Simply put, suppose you want to sell a house and a plot that comes with it. You can enter into an

agreement to sell your property with a prospective buyer stating that in six months if the transaction is not complete, the agreement is null and void and that you get to retain the advance amount paid for this agreement and that you dont need to return it if the buyer is unable to pay the rest of the amount agreed on to complete the transaction.

8 c) Creation of agency: Fiduciary element in agency, though the key to much of the law
government relation is not the essential element in relation. Contract of agency may be created as under: Agency by agreement (Secs. 186 and 187 of Indian Contract Law)) Express: The authority of an agent may be express (1) by writing under seal like power of attorney; or (2) by oral or simple agreement.
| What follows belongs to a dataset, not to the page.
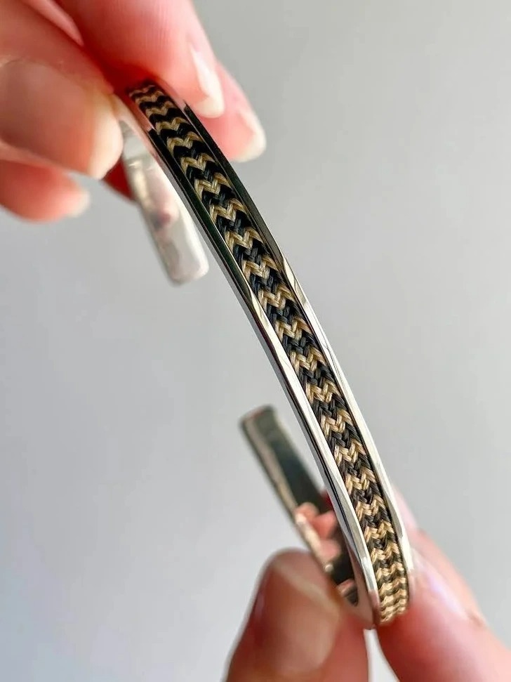 «Браслет із білого золота і волосся двох моїх маленьких дочок. Одна – блондинка, інша – брюнетка»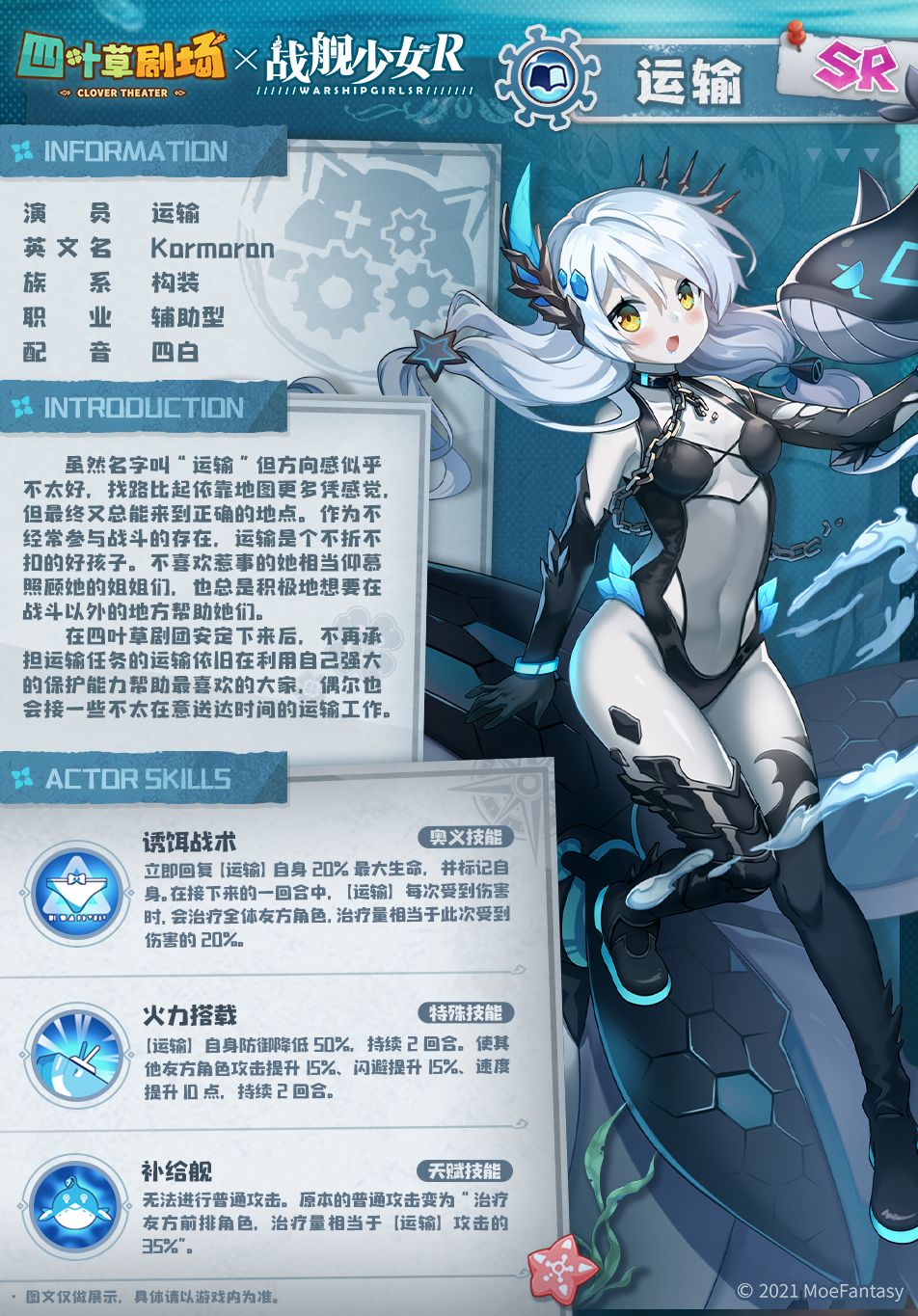 虽然名字叫“运输”但方向感似乎不太好,找路比起依靠地图更多凭感觉,但最终又总能来到正确的地点。作为不经常参与战斗的存在,运输是个不折不扣的好孩子。不喜欢惹事的她相当仰慕照顾她的姐姐们,也总是积极地想要在战斗以外的地方帮助她们。

The authority is said to be express when it is given by words spoken or written. Implied: The authority of an agent may be implied. An authority is said to be implied when it is inferred from the conduct, situation or relationship of the parties, circumstances of the case; and things spoken or written, or by the ordinary course of dealings. The relationship of principal and agent need not be expressly constituted but can be brought about by implication of law on a particular situation arising or from the necessity of case. Advocates power to compromise suit or confess judgment is implied in every Vakalatnama unless expressly excluded. Agent by necessity: Where one is compelled to act as an agent of another without the authority of that other, such agency is known as agency by necessity

8 d) coercion coercion, in law, the unlawful act of compelling a person to do, or to abstain from doing, something
by depriving him of the exercise of his free will, particularly by use or threat of physical or moral force. In many states of the United States, statutes declare a person guilty of a misdemeanor if he, by violence or injury to another's person, family, or property, or by depriving him of his clothing or any tool or implement, or by intimidating him with threat of force, compels that other to perform some act that the other is not legally bound to perform. Coercion may involve other crimes, such as assault. In the law of contracts, the use of unfair persuasion to procure an agreement is known as duress; such a contract is void unless later ratified. At common law, one who commits a crime under coercion may be excused if he can show that the danger of death or great bodily harm was present and imminent. However, coercion is not a defense for the murder or attempted murder of an innocent third party.